[[ EXERCISE DATA open ]]

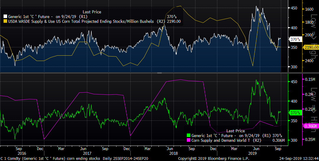 È possibile individuare una correlazione a lungo termine tra scorte di mais e prezzo. Una scarsa qualità delle colture può far diminuire le stime dello stock finale nelle stagioni successive. Fonte: Bloomberg
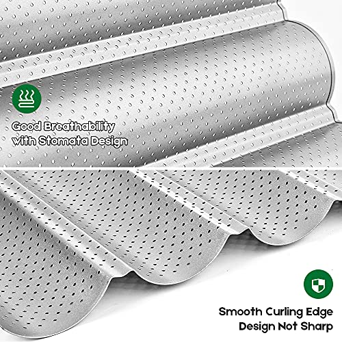 Perforato antiaderente: le perforazioni sulla superficie di questa teglia per baguette lasciano fuoriuscire l'umidità, consentendo alle pagnotte di diventare croccanti e dorate in modo uniforme;
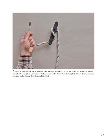 2. Take the line over the top of the cleat, then underneath the near horn in the same direction that it passed
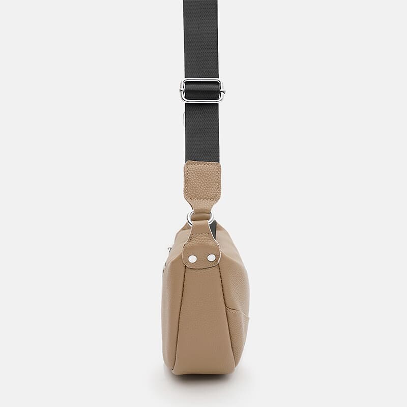 Женская кожаная сумка имеет 1 основное отделение на молнии, внутри – 2 кармана для телефона и других мелочей. С тыльной стороны-1 карман на молнии. Текстиль подкладки. Несъемный текстильный ремень регулируется по длине.
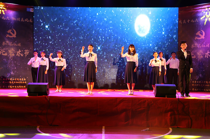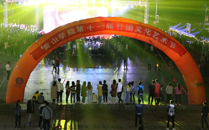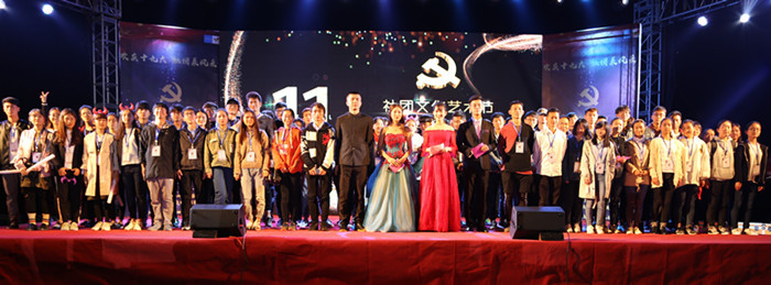 在党的十九大胜利召开之际,为进一步丰富校园文化,展示大学生社团的精神面貌和活动成果。10月20日晚,由校团委、学生社社团联合会主办,全校四十七家社团协办的第十一届社团文化艺术节开幕式在南区一食堂前隆重举行。团委和各学院教师、团干部参加。全校2000多人观看了此次活动。
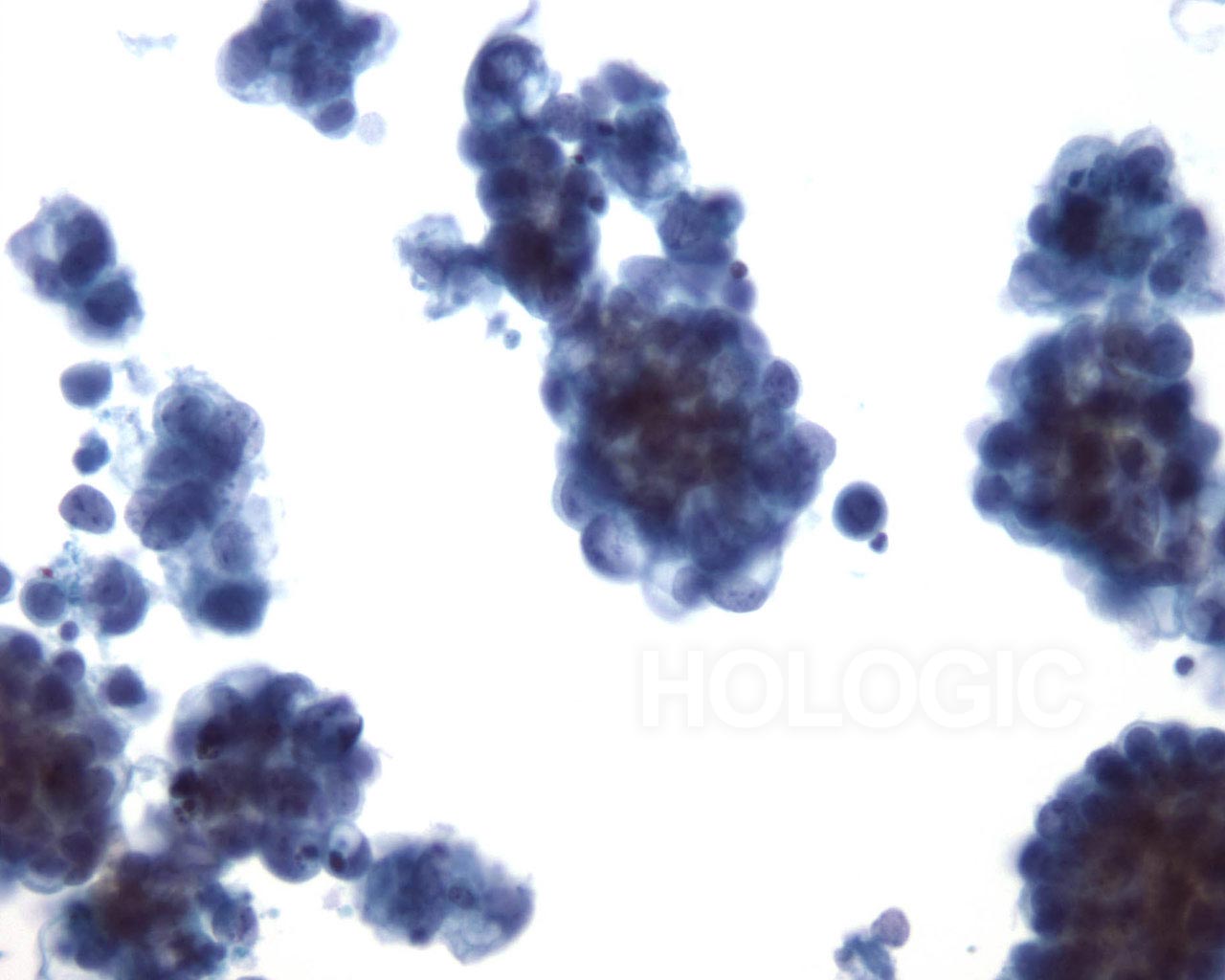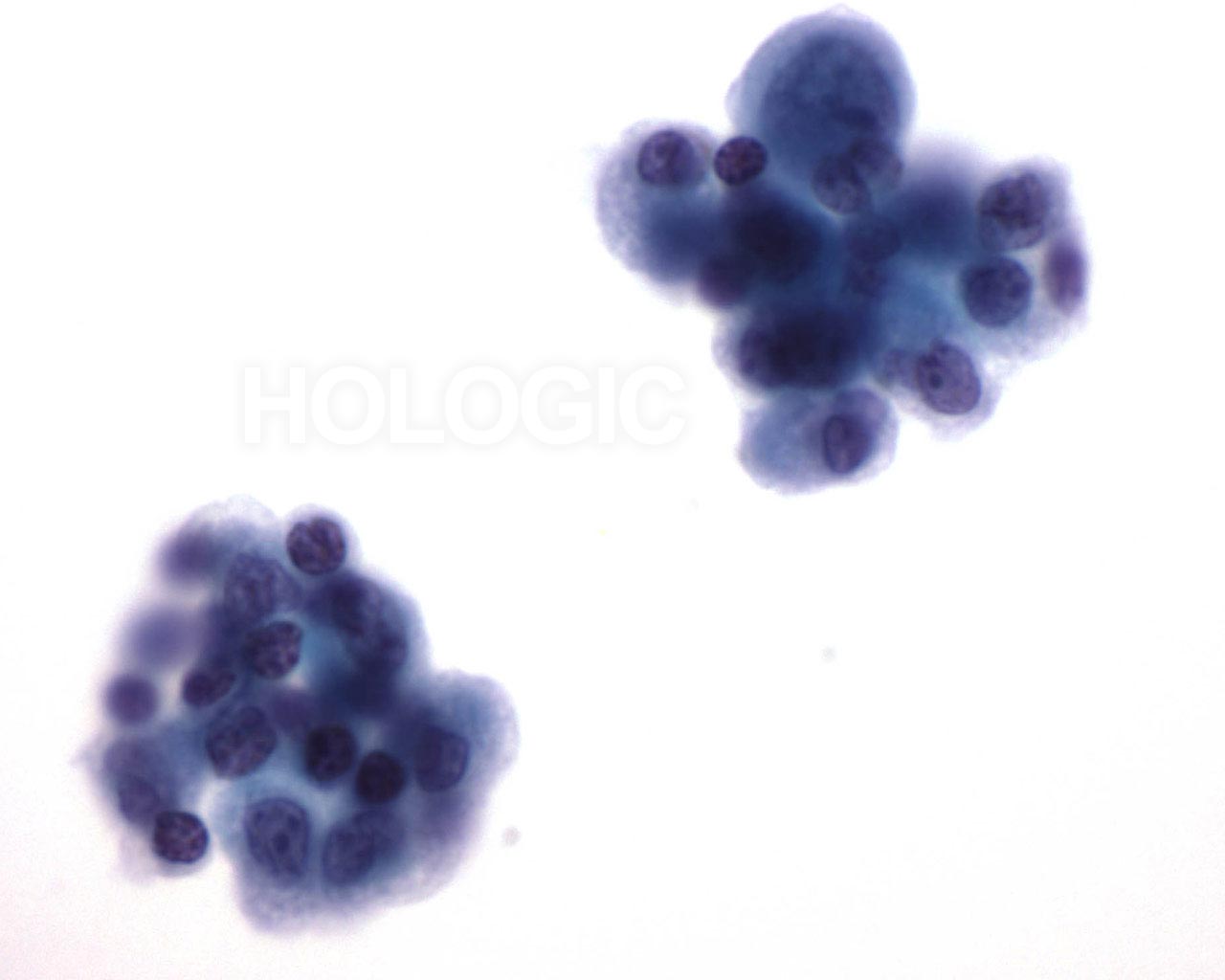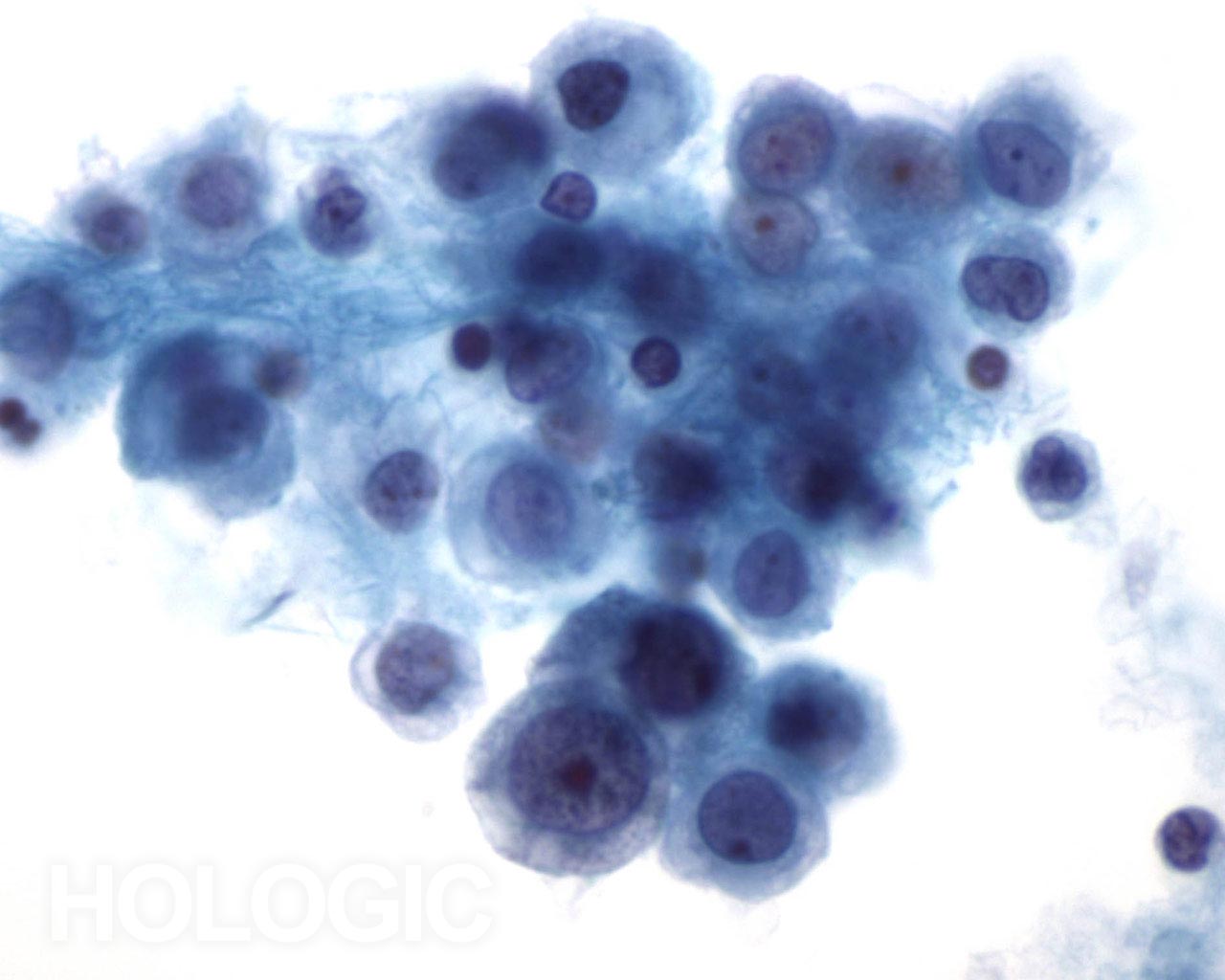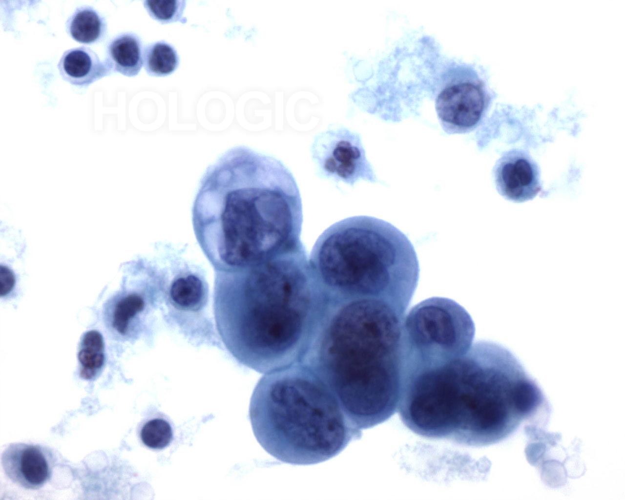 Cellules glandulaires malignes siégeant dans un groupe arrondi et dense. Noter la polarité cellulaire maintenue des cellules de surface et le cytoplasme atypique. Noyaux irréguliers avec nucléoles proéminents.
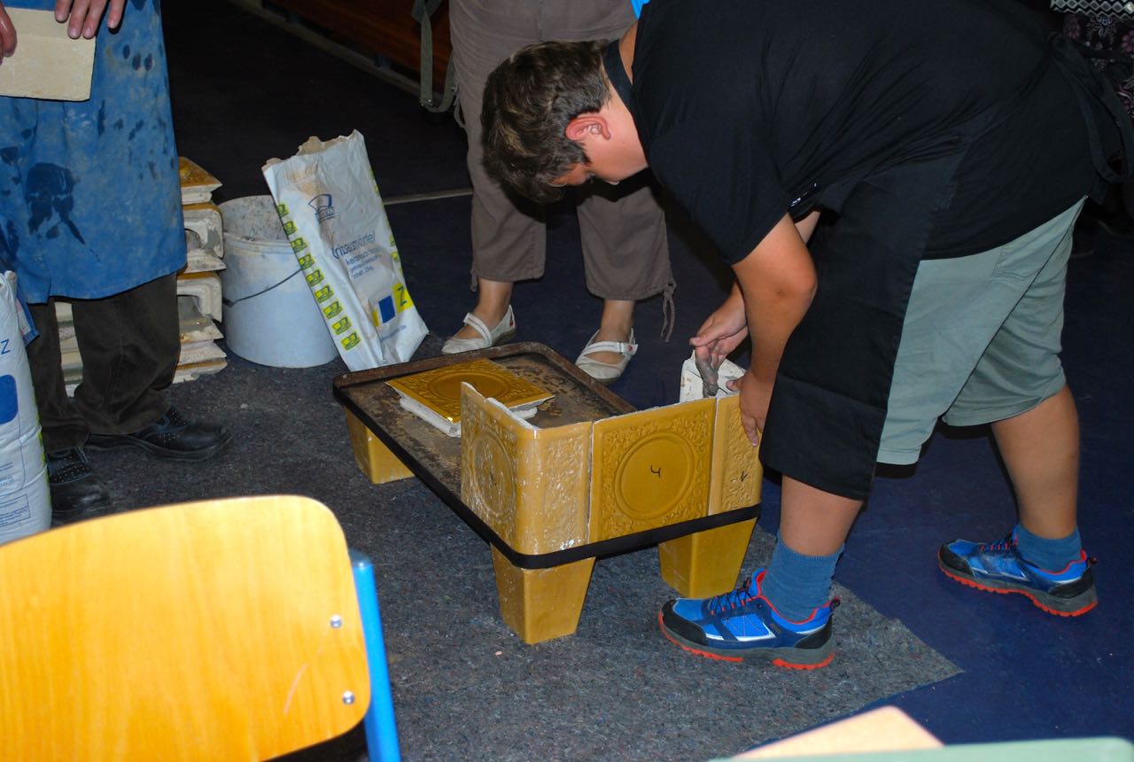 Einige Handwerksmeister gaben den Kindern und Jugendlichen die Möglichkeit, sich im Umgang mit Werkzeugen und Werkstoffen zu probieren. So zum Beispiel bei Dachdeckermeister Thomas Müller, der Tischlerei Brümmer, Malermeister Rassmann und dem Ofenbaumeister Jens Cordes. Schnell war die anfängliche Scheu überwunden und der Umgang mit Hammer und Nagel oder Schiefer wurde getestet, die Schürze umgebunden und mit Lehm gelang das Aufsetzen von Ofenkacheln.

[[ EXERCISE DATA closed ]]

Look back at the data above, then output exactly the lines from the line holding "Perforato antiaderente: le" up to and including the line holding "在党的十九大胜利召开之际,为". Leave out the pictures.

 Perforato antiaderente: le perforazioni sulla superficie di questa teglia per baguette lasciano fuoriuscire l'umidità, consentendo alle pagnotte di diventare croccanti e dorate in modo uniforme;
 2. Take the line over the top of the cleat, then underneath the near horn in the same direction that it passed
 Женская кожаная сумка имеет 1 основное отделение на молнии, внутри – 2 кармана для телефона и других мелочей. С тыльной стороны-1 карман на молнии. Текстиль подкладки. Несъемный текстильный ремень регулируется по длине.
 在党的十九大胜利召开之际,为进一步丰富校园文化,展示大学生社团的精神面貌和活动成果。10月20日晚,由校团委、学生社社团联合会主办,全校四十七家社团协办的第十一届社团文化艺术节开幕式在南区一食堂前隆重举行。团委和各学院教师、团干部参加。全校2000多人观看了此次活动。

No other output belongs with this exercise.